Background: Continuous and efficient error management, including procedures from error detection to their resolution and prevention, is an important part of quality management in blood establishments. At the Croatian Institute of Transfusion Medicine (CITM), error management has been systematically performed since 2003.

Materials And Methods: Data derived from error management at the CITM during an 8-year period (2003-2010) formed the basis of this study. Throughout the study period, errors were reported to the Department of Quality Assurance. In addition to surveys and the necessary corrective activities, errors were analysed and classified according to the Medical Event Reporting System for Transfusion Medicine (MERS-TM).
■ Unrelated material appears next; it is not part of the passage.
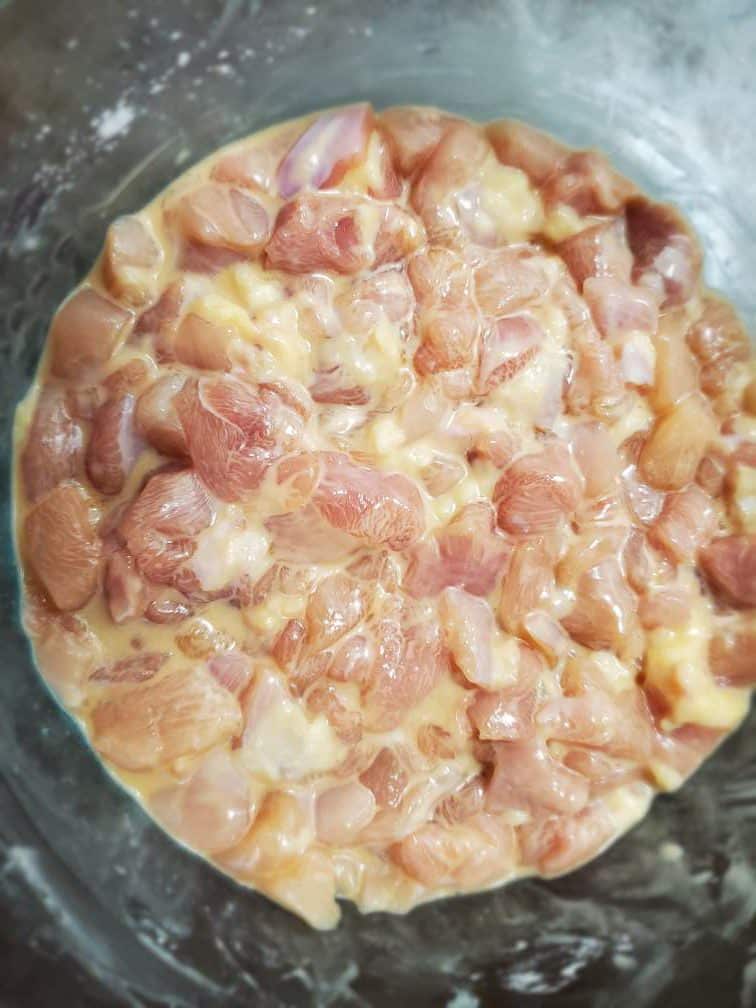 Marinade the chicken with all the ingredients under "chicken marinade" on the ingredients list above. Leave it for about 20 mins.

Results: During the study period, a total of 2,068 errors were recorded, including 1,778 (86.0%) in blood bank activities and 290 (14.0%) in blood transfusion services. As many as 1,744 (84.3%) errors were detected before issue of the product or service. Among the 324 errors identified upon release from the CITM, 163 (50.3%) errors were detected by customers and reported as complaints. In only five cases was an error detected after blood product transfusion however without any harmful consequences for the patients. All errors were, therefore, evaluated as "near miss" and "no harm" events. Fifty-two (2.5%) errors were evaluated as high-risk events. With regards to blood bank activities, the highest proportion of errors occurred in the processes of labelling (27.1%) and blood collection (23.7%). With regards to blood transfusion services, errors related to blood product issuing prevailed (24.5%).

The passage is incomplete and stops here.